Wednesday, July 05, 2006

Statz 4 LIfe

I'm not sure about the second formula (11 seconds into the video, written on someone's right forearm). Is that V or the Greek letter Nu? And what's df* mean? And is that eta or n on the bottom?

Very funny though.

What is probability?

Here's a quote from The Guardian:
A friend of mine got pregnant the first time she slept with her (now) husband, at the age of 43; this was after she had made a documentary on infertility and had been repeatedly told by fertility experts that her chances of conceiving naturally were "less than 5%". This may be right as a general statistic, but it wasn't right in her case: her chances of conceiving, provided she had sex at the right time of the month, were 100%.
This raises an interesting problem about what we mean by probability. Probability is pretty fundamental to statistics, we are always trying to calculate p-values and confidence intervals associated with various measures, so it might surprise (or depress, or perhaps not surprise) you that there isn't actually agreement on what a probability means. We'll come back to that, first we'll look at the error in saying this.

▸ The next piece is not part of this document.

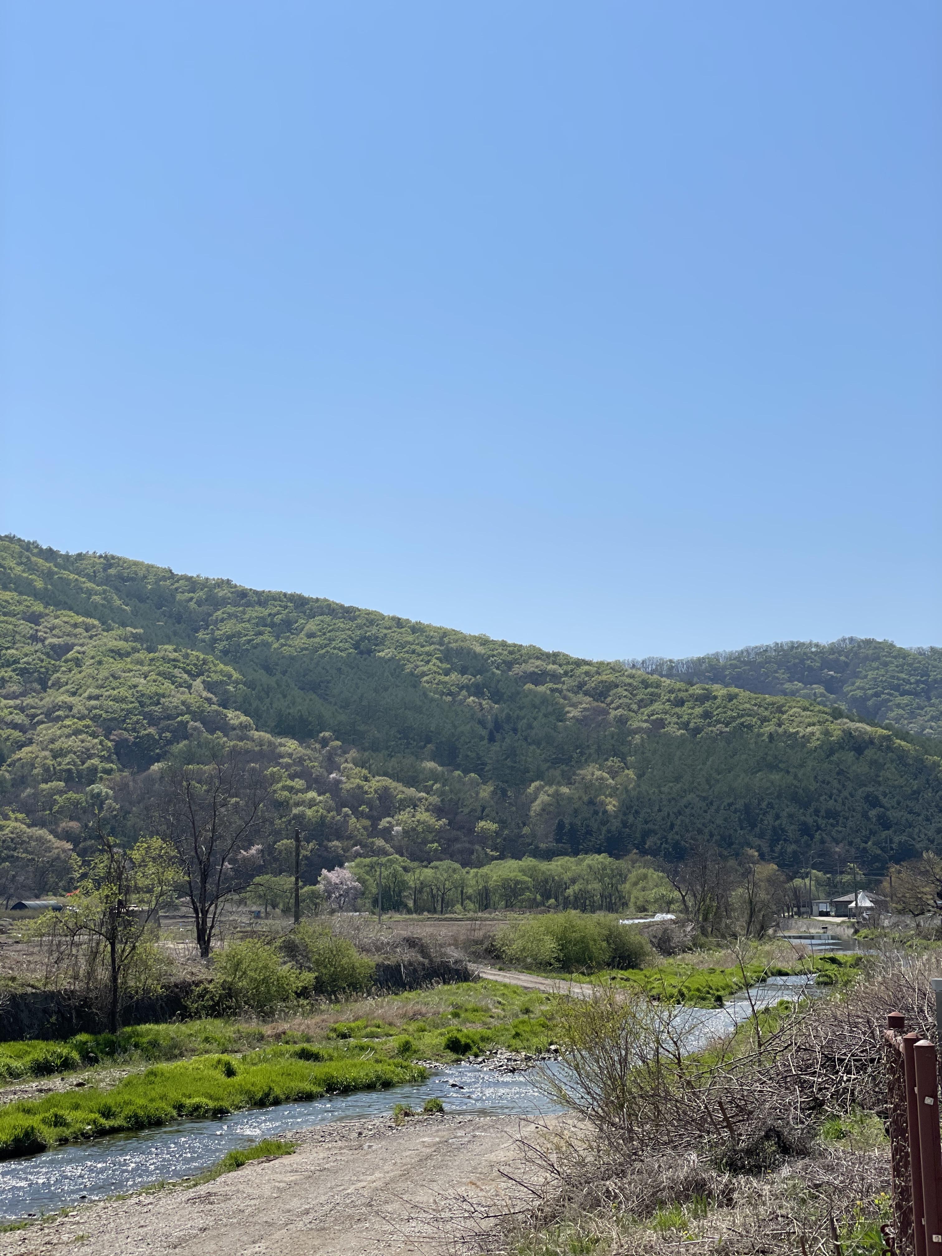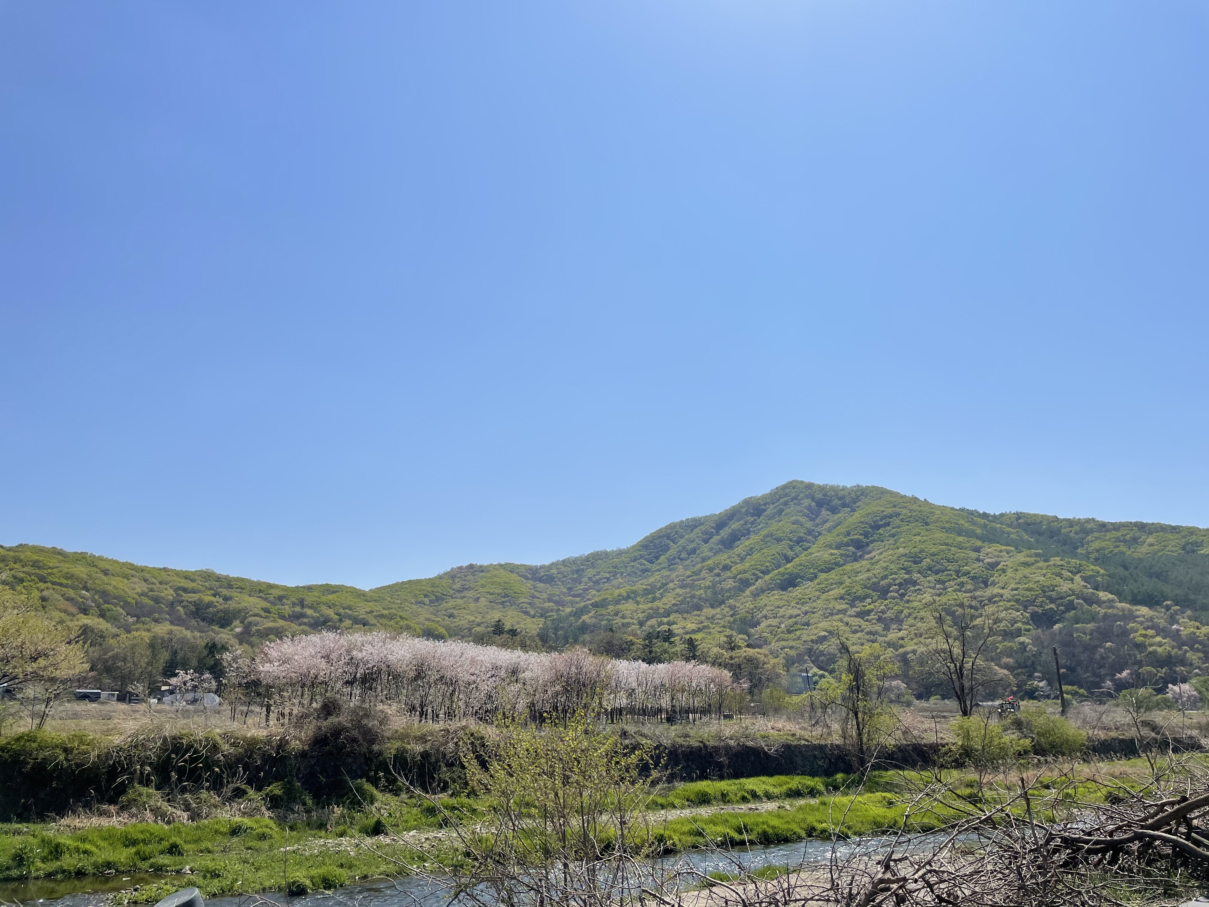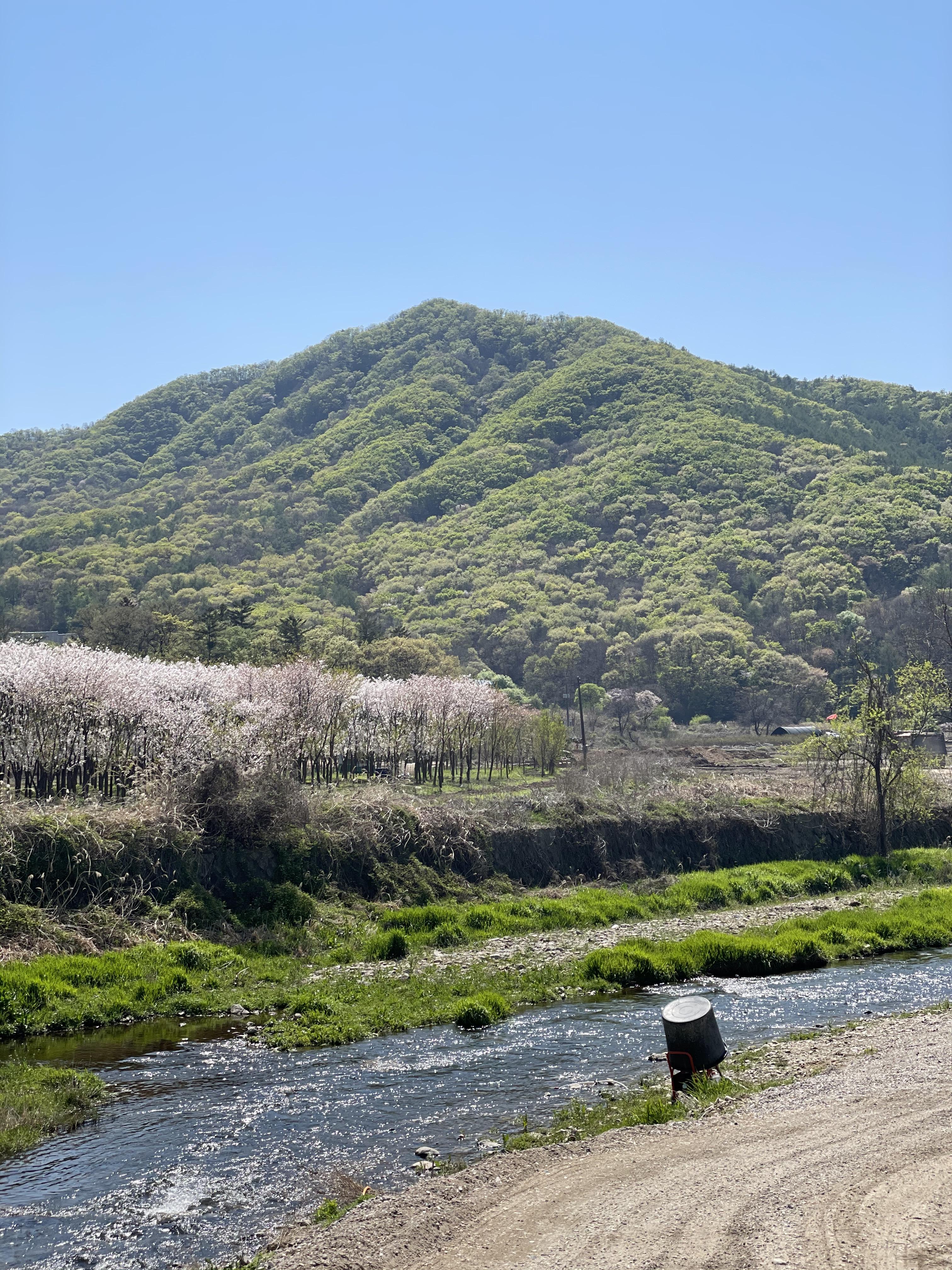 그냥 시골 그 자체이긴 한데, 연두빛 잎들이 이제 막 나기 시작하는 나무들이 뒤덮인 산과, 파란 하늘에, 졸졸졸 시냇물까지 완벽한 조합이었어요.

The author is using a post-hoc probability and confusing it with a prior probability. You might say that the probability of me getting heads when I toss this coin is 0.5 (this would be the priour probability). I could argue that it's not, it's either 1.0 or 0.0, because it will either happen or it won't happen. I guess that what the author was calling a "general statistic" is a prior probability, and what the author called "her chances" were the posterior probability - the probability after the event.
But you can't use a posterior probability as a priour probability. If I say I have a 1 in 6 chance of rolling a 6 on a fair die, and every time it happens, you say "Haha, see, you were wrong, the chance was 100%", and then you ignore the 5 times in 6 that it does happen, well, I'm just not going to be your friend any more.

Anyway, let's get back to what a probability means. Probably the most common interpretation of statistics is the frequentist interpretation. A frequentist interpretation is a little like the dice rolling experiment - we know that in the long run, 1 time in 6 the dice will come up 6. The big problem for the frequentist interpretation is that we need to talk about the long run probability of this particular woman becoming pregnant. We need to say that if we rewound this person's life 1000s of times, they would become pregnant on 5% of occasions.

However in this sort of scenario this is not really sensible. Because this person will become pregnant every time, just like this time.

The alternative is to use a Bayesian interpretation of probability, which is also sometimes called subjective probability or personal probability. A Bayesian probability can be thought of as the degree of confidence that a person would have that an event will occur. If my subjective probability of an event occuring is 5%, I would be willing to place a bet at 19:1 (or better).

The problem with the subjective probability is that, well, it's subjective. Probability stops being a mathematical thing, and starts being more of an opinion, and so it becomes harder to say that someone is wrong.